Why we should invest in disaster management


December 14th, 2016

Prioritise weather forecasting and early warning for local communities

by Md. A. Halim Miah, Kamrul Islam Bhuiyan and Dr. Faruk Ul Islam

Disaster management in Bangladesh has been transformed from disaster response and recovery to a risk reduction model. However though policy and law have been formulated based on the risk reduction model, policy priority is still required in many areas both in quality and quantitative improvement, such as shifting risk governance from centralized systems to people’s empowerment and redirecting disaster investment from response and recovery model to pre-disaster investment.

Why more investment at pre-disaster stage?

Bangladesh spent a lot in the last two decades on disasters. One flood in 1998 caused an estimated loss of US$ 2 billion –  4.8 % of national GDP. This figure might even be higher as loss and damage estimates focus on infrastructure and bigger public institutions and less on those of small entrepreneurs and small holder farmers.

This loss and damage will increase if we do not invest in prevention measures such as community resilience building, critical infrastructure like dams, embankments, bio-dykes, green belts and the dissemination of risk information for the people live in vulnerable areas.

voice messages for DRR BograAccording to the IPCC Fifth Assessment Report the frequency and intensity of hazards will increase with greater risk particularly for developing nations. Bangladesh has achieved remarkable progress in some social indices like health, primary education, poverty reduction and in some areas of disaster related emergency response. Therefore mortality and morbidity from disasters have reduced significantly.

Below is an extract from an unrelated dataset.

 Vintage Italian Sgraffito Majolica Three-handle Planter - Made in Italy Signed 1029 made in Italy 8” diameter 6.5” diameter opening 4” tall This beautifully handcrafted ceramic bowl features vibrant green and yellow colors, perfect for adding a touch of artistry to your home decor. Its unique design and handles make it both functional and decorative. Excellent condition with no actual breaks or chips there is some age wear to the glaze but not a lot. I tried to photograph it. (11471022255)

Redirect financing from disaster response to development

The total GNP of Bangladesh is growing.  At independence (1972-73) the total annual budget of Bangladesh was 7.8 billion (£78.5 million) but for the fiscal year 2016-17 it is 3.41 trillion taka (£34 billion).  Bangladesh has a growing national economy and  wealth and GDP per capita rose from US$2,038.7 in 2006 to US$3,136.6 in 2016.

The World Wealth Report also shows that in 2000 the assets per head of adult men in Bangladesh were worth US$1069 and this has more than doubled to US$ 2347 in 2016. The rate of national poverty was 62% in 1992, which came down to 32% in 2010. But a very few of those who came out from poverty the ‘movers out of poverty’- could become part of the economic middle class (the range of income $2 to $4).

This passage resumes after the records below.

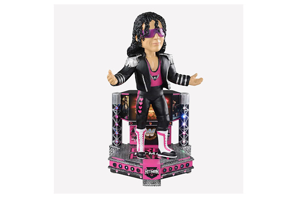 The Bret Hart bobblehead features him in an action pose wearing his signature outfit and sunglasses atop a stage themed base. For the first time ever with a WWE FOCO bobblehead, the stage lights up along the sides and on the bottom. Hart’s logo and nickname, “The Hitman,” can be found in multiple places on the base as well. The Hart bobblehead is limited to 223 units, stands at 7 inches tall, and retails for $90.
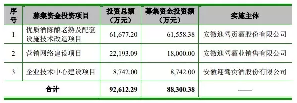 據(jù)了解,此前迎駕貢酒在上交所面向社會公眾發(fā)行普通股股票8000萬股,每股面值人民幣 1.00 元,發(fā)行價為每股人民幣 11.80 元,共計募集資金 9.44億元;扣除各項發(fā)行費用后實際募集資金凈額為 8.83億元。募集資金用于優(yōu)質(zhì)酒陳釀老熟及配套設(shè)施技術(shù)改造項目(約6.16億元,實施主體是迎駕貢酒股份有限公司)、營銷網(wǎng)絡(luò)建設(shè)項目(1.8億元,實施主體是迎駕酒業(yè)銷售有限公司)、企業(yè)技術(shù)中心建設(shè)項目(8742萬元,實施主體是迎駕貢酒股份有限公司)。
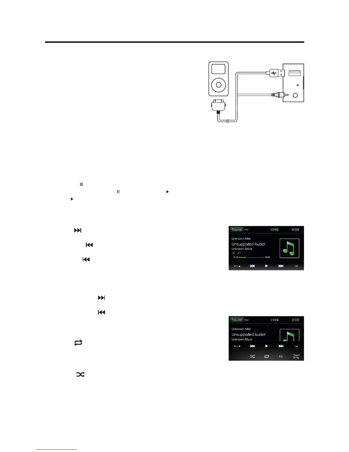 Connect an iPod or iPhone to the unit via an iPod cable.
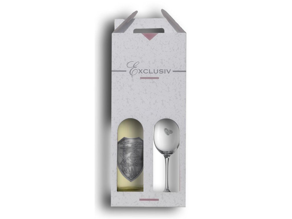 Darčekový set obsahuje biele polosuché víno s kovovou etiketou s venovaním Všetko najlepšie mladomanželom + 1 ks pohár na víno, darčekové balenie exlusive.
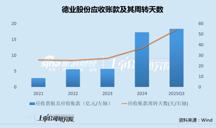 Wind数据显示,德业股份应收账款和应收票据从2021年的2.76亿大幅攀升至2024年的17.29亿,其中2024年一年内,增幅就超过200%;同时,公司应收账款周转天数也持续走高,回款不断恶化。
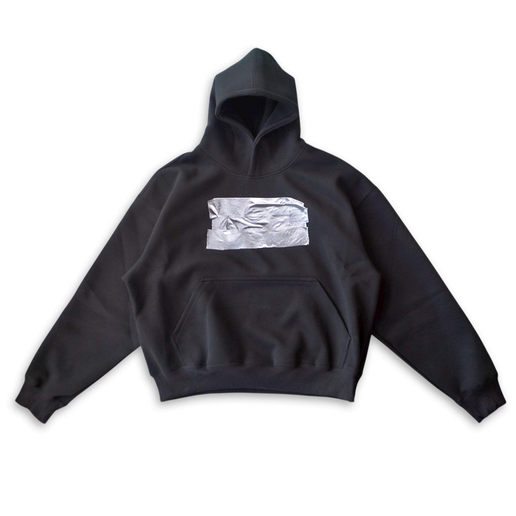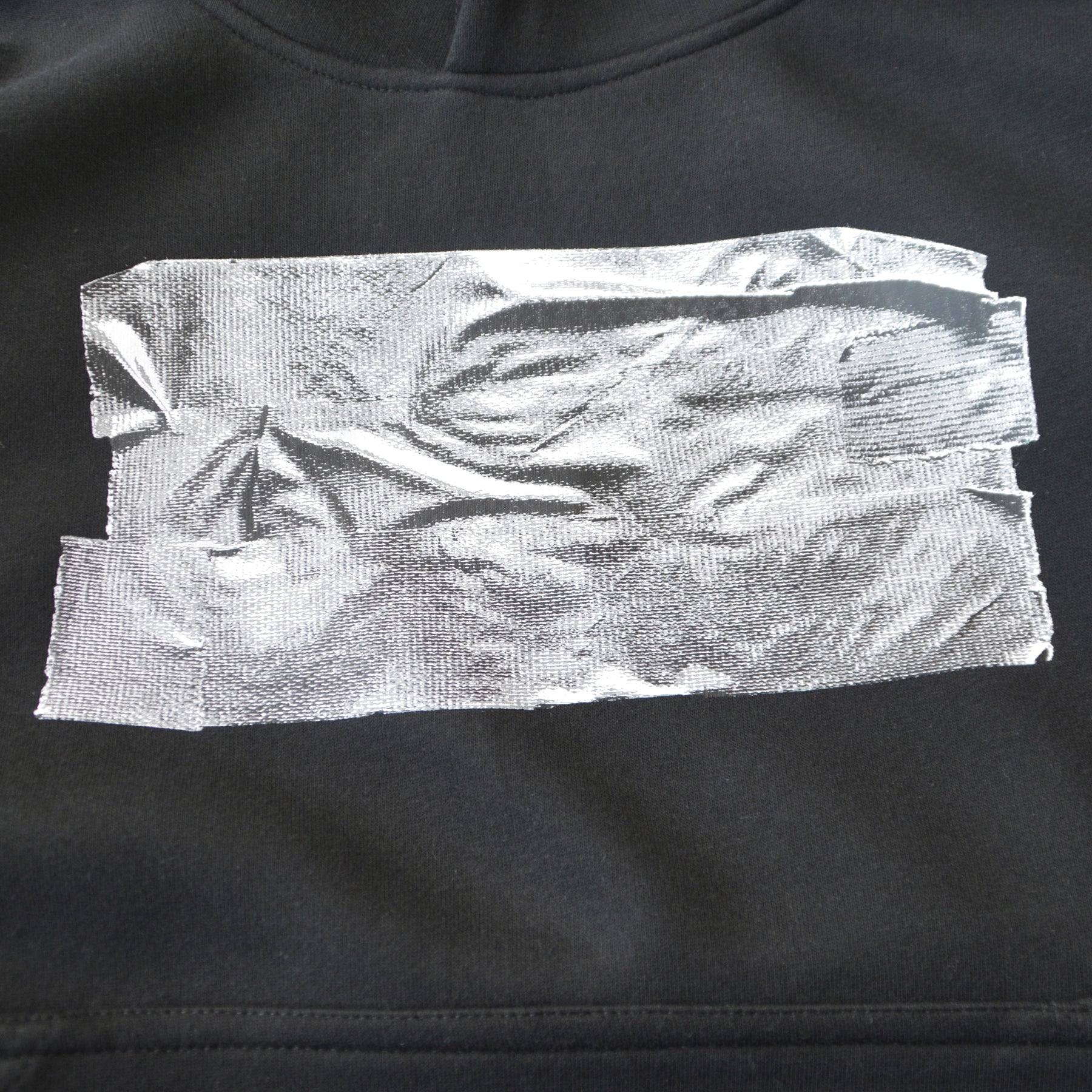 ボックスシルエットのヘビーウェイトフーディ。海外のコピー商品市場で警察が取り締まりを行う際、販売者がロゴをテープで隠す手法から着想を得ています。黒・グレー・白の3色でテープの質感を表現しました。
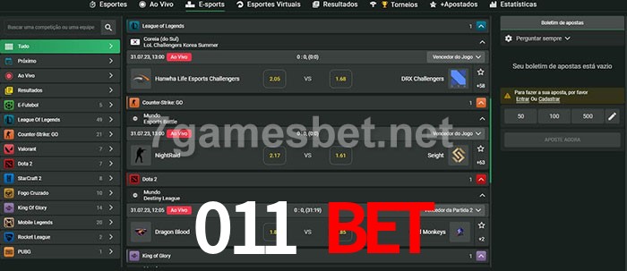 O 011 bet oferece uma grande seleção de opções de apostas em e-sports com probabilidades competitivas
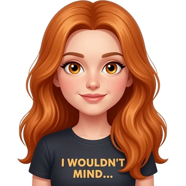sexy girl with overlong ginger hair and ginger eyes a top with I WOULDN'T MIND... written on it emoji

According to renowned economist Binayak Sen, Director, Research, Bangladesh Development Studies in Bangladesh , the movers who are stuck in the range of $1 to $2 a day income are still  vulnerable to shocks and downward slippages (Sen, Binayak; June 2014, ICE Business, Dhaka).  This is a vicious cycle of income erosion where disasters like floods that recur pull those people behind so that they can not climb up the ladder. Studies reveal that investment in strengthening weather, climate and water information services is highly cost efficient for societal progress returning three times as much as monetary investment according to the CREWS Initiative. 

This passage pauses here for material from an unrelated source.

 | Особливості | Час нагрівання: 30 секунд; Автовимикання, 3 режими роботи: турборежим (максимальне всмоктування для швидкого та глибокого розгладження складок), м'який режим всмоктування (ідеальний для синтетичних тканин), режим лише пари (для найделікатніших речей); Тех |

Practical Action Bangladesh has implemention experience under Vulnerability to Resilience+, financed by the Zurich Insurance Group.  We found that by disseminating flood early warning messages to the community in understandable ways, flood vulnerable people living downstream of Brahmaputra basin were able to save their most valuable household and agricultural resources.

We conducted a rapid assessment on the impact of flood early warning voice messages just after the flood which occurred in July –August 2016. Our preliminary findings revealed that people’s indigenous knowledge did not work.

“The saying goes, if cloud passes from south-west to north-east we would think that the river Jamuna will be raised. But this year we could not understand the possibility of flooding. Therefore voice messaging was very important. Among my neighbours around ten farmers were able to harvest their jute when they got flood early warning voice messages with a minimum financial value of 9,000 taka (£90) for each. Those of us who live island like places, very close to the river evacuated with our cattle saving a minimum of household value of 100,000 taka (£1,000). So if voice messages cost 20 taka household then its return is more than 1000 times higher!”

This is an example of how improving early warning systems for vulnerable people can save them from the vicious cycle of income erosion and enable them to continue to climb the steps of the ladder with the aim of reaching the gateway from poverty.